Bonus List of 13: Baseball knowledge on a cold, winter day

It is cold out; I can’t stand winter, and a good way to feel warmer is to think about baseball. The Bill James Baseball Handbook was delivered yesterday. Here is some stuff I learned from that book, which is filled with numbers and knowledge.

Disclaimer: There are still several really good free agents on the market, so when the labor stuff is resolved, teams are going to add key players before the season starts. At least the teams who care about winning will add players.

13) Does the shift help or hurt and by how much?

Last year, teams shifted on 59,062 at-bats: shifts took away 4,802 hits, but there were 3,946 hits that happened BECAUSE of the shift, so the shift took away 856 hits for the season.

I’m hoping they ban shifts this year; hitters, especially guys with little less power, will go back to being gap hitters/line drive hitters, which makes for more action.

Padres were putting 3B Machado in right field when they shifted vs lefties last year; it is smart under the current rules, but the game is more fun to watch with more balls in play, more guys running the bases. 

12) Seattle Mariners went 90-72 last year, had a really good season, but they were 33-19 in one-run games.

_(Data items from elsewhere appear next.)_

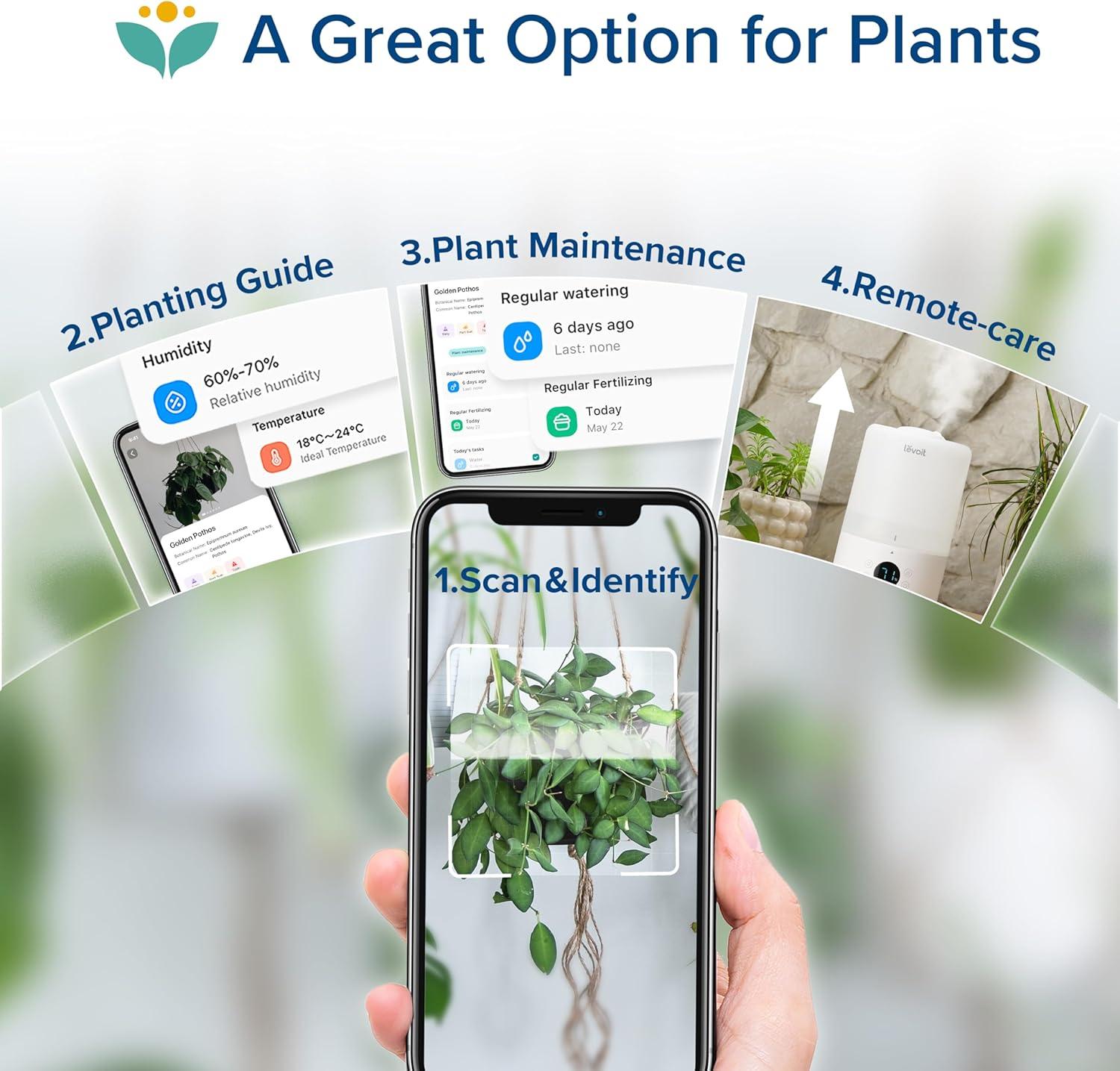 LEVOIT Humidifiers for Bedroom, 4.2L Top Fill for Large Room with 42H Runtime, Dishwasher Safe Design Easy to Clean, 21dB Quiet Cool Mist for Baby, Plants, Night Light, Essential Oil Diffuser, White(White Smart)
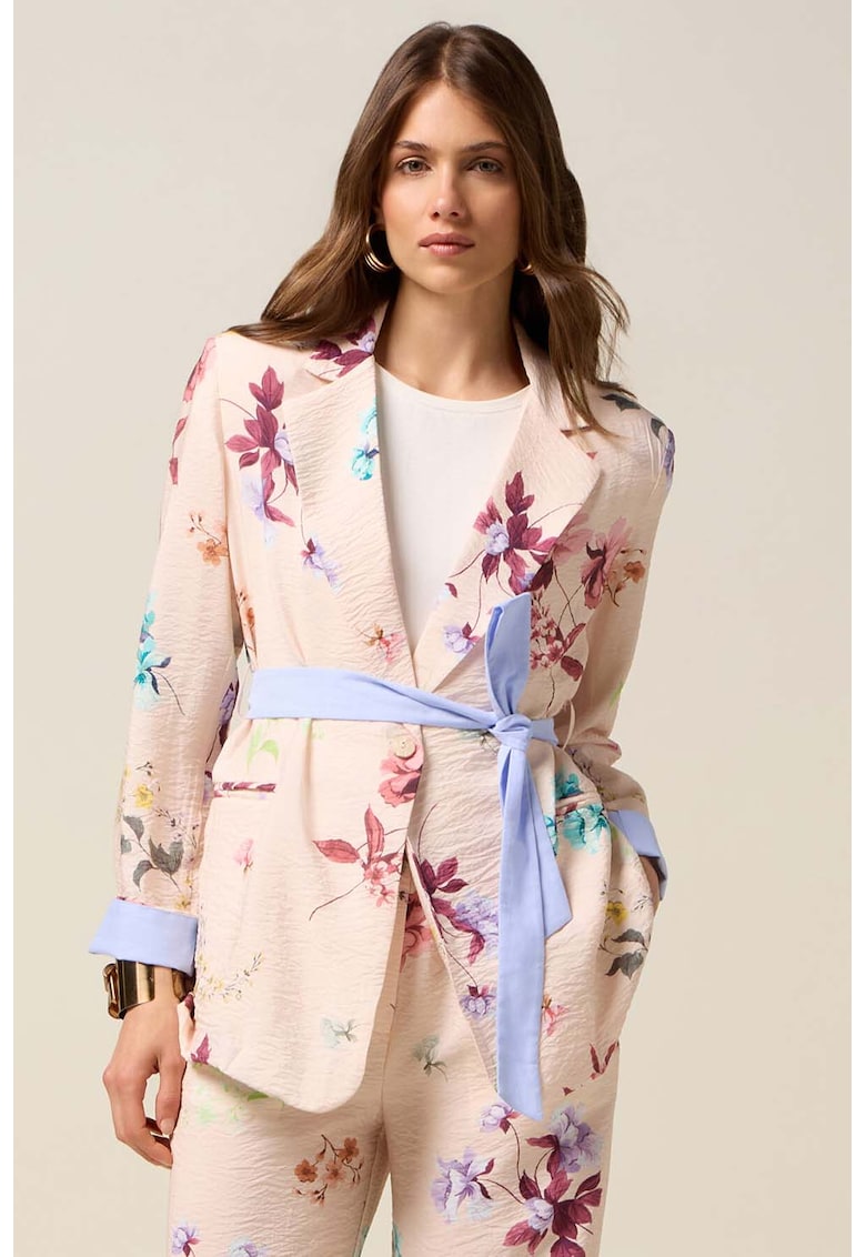 - poliamida Imprimeu: floral Guler: cu revere decupate Lungime maneca: maneca lunga Sistem inchidere: nasturi
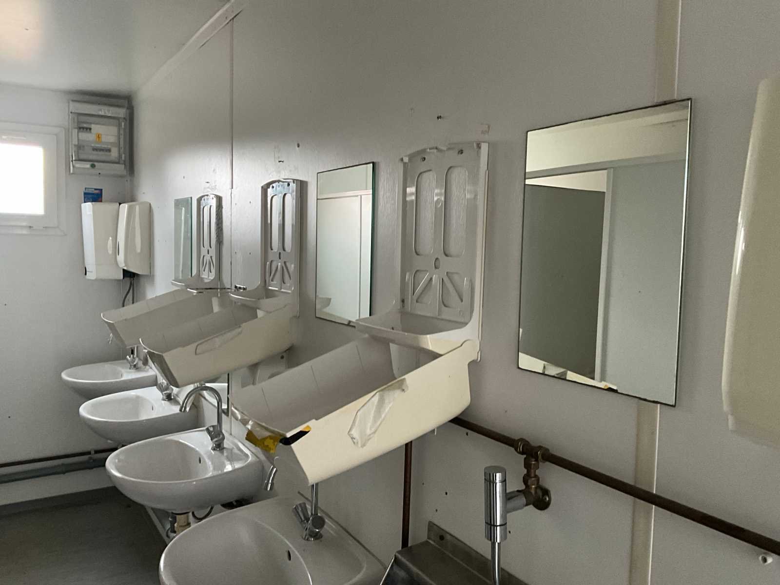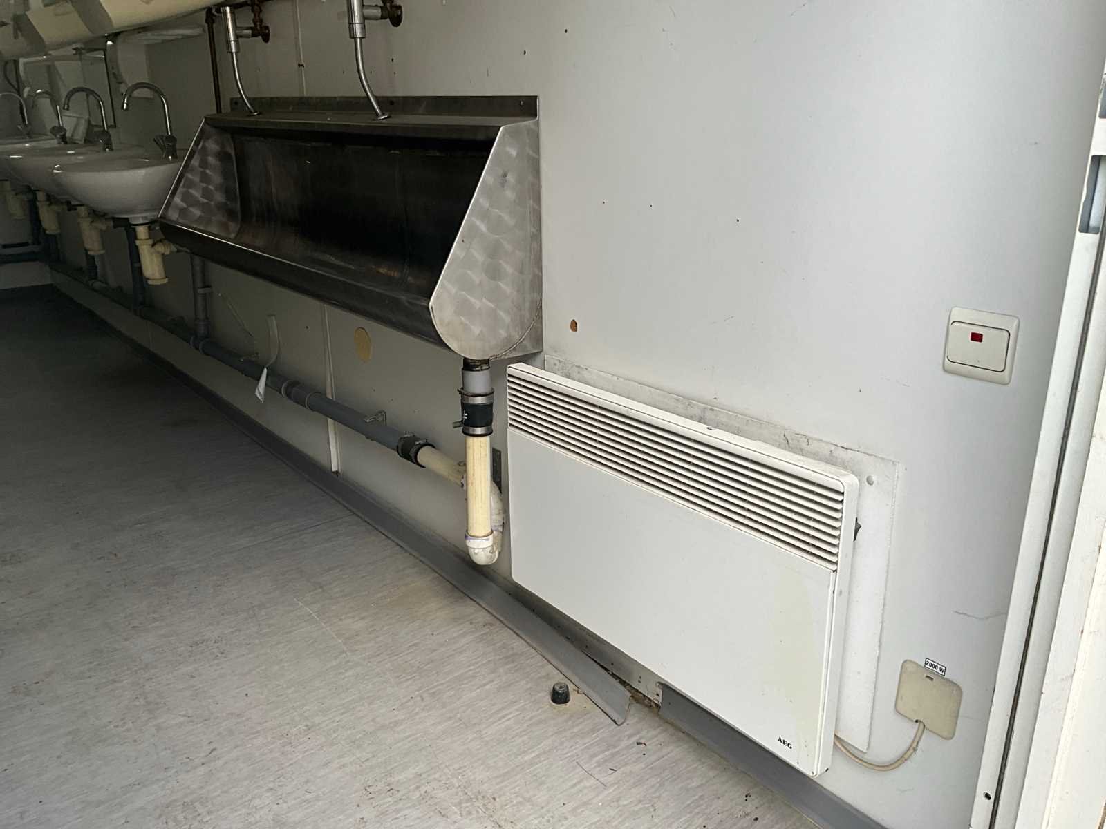 Voorzien van schakelkast; boiler; verlichting; verwarming; RVS urinoir; spiegels en papierrolhouders; Koper dient zelf voor transportmiddelen te zorgen om dit kavel te verladen. Merk: CONTAINEX Type: 20 ft. Afmeting l: 6050mm Afmeting b: 3000mm Afmeting h: 2800mm Aantal ramen: 1 Aantal toiletten: 6 Aantal wastafels: 4 Totale afmeting L: 6200mm Totale afmeting Breedte: 3000mm Totale afmeting Hoogte: 2800mm

Seattle actually allowed 51 more runs than they scored, but still won 90 games- that is very unusual. 

May help explain why the Mariners added Robbie Ray, Adam Frazier to fortify their roster; they will have to be a better team than they were last year, just to win 90 games again. 

11) Seattle’s AL West rival Angels went 25-14 in one-run games last year, and still finished only 77-85; loss of Mike Trout/Anthony Rendon to injury was obviously a problem, but their pitching isn’t good, even when healthy.

Noah Syndergaard pitched two innings the last two years; Halos added him and Michael Lorenzen to improve their pitching. It also gives the Angels another two-way player (Lorenzen) and Jared Walsh used to be a pitcher, too.

Here’s the thing: teams that excel in one-run games one seasons tend to regress the next year- LY’s 25-14 record will be hard to match. Can a healthy Trout/Rendon make up the difference?

10) San Francisco beat the Dodgers by a game last year; Giants were 31-17 in one-run games, Dodgers 24-24. Giants had oldest roster in MLB last year; can they do it again this year? 

9) There were 63 home runs taken away by outfielders last year. Thats one of the most exciting plays in baseball; should more stadiums have outfield fences that are 8 or 9 feet high? 

8) A’s bullpen fell apart late last year; for the season, they blew 28 of 67 save opportunities, and that was despite fact that Oakland relievers threw only 539 innings, less than any other team. 

7) Toronto Blue Jays missed playoffs by one game LY; they went 3-9 in extra inning games. 

6) Joey Gallo either walked (111) or struck out (213) in 324 of his 616 plate appearances LY. 

5) If the universal DH happens and pitchers never hit again, the last hit by a pitcher (other than Shohei Ohtani) was Julio Urias in last year’s playoffs.

4) Eyebrows were raised when Marcus Semien signed with Texas for $25M a year, but one of the best abilities is availability, and Semien is always available.

He’s played 155+ games in five of last six full seasons, played 162-162 the last two. He hit 33-45 homers the last two full seasons; he is plus-hitter as a middle infielder.

Semien also sees lot of pitches; he saw 2,923 pitches LY, 106 more than any other player, and that helps every other hitter on his team. 

3) Minnesota Twins were 53-53 vs right-handed starters last year, 20-36 vs lefties; they gave Buxton a boatload of money this winter, they’ll need a hell of a lot more than 61 games out of him this year. Miguel Sano has to hit better than .223. Josh Donaldson is 36; how much does he have left int he tank?  

2) Arizona Diamondbacks converted only 44% of their save chances last year, lowest %age in last 20 years (other than the shortened 2020 season). Arizona added Mark Melancon and JD Wendelken to shore up the bullpen.

1) Colorado Rockies were 48-33 at home last year, 26-54 on road; how does that happen?

Over the last ten years, this was the 2nd-biggest difference between home/road records; the biggest difference?

2014 Rockies were 45-36 at home, 21-60 on the road. Go figure. 

Author: Armadillo Sports

I've been involved in sports my whole life, now just write about them. I like to travel, mostly to Las Vegas- they have gambling there.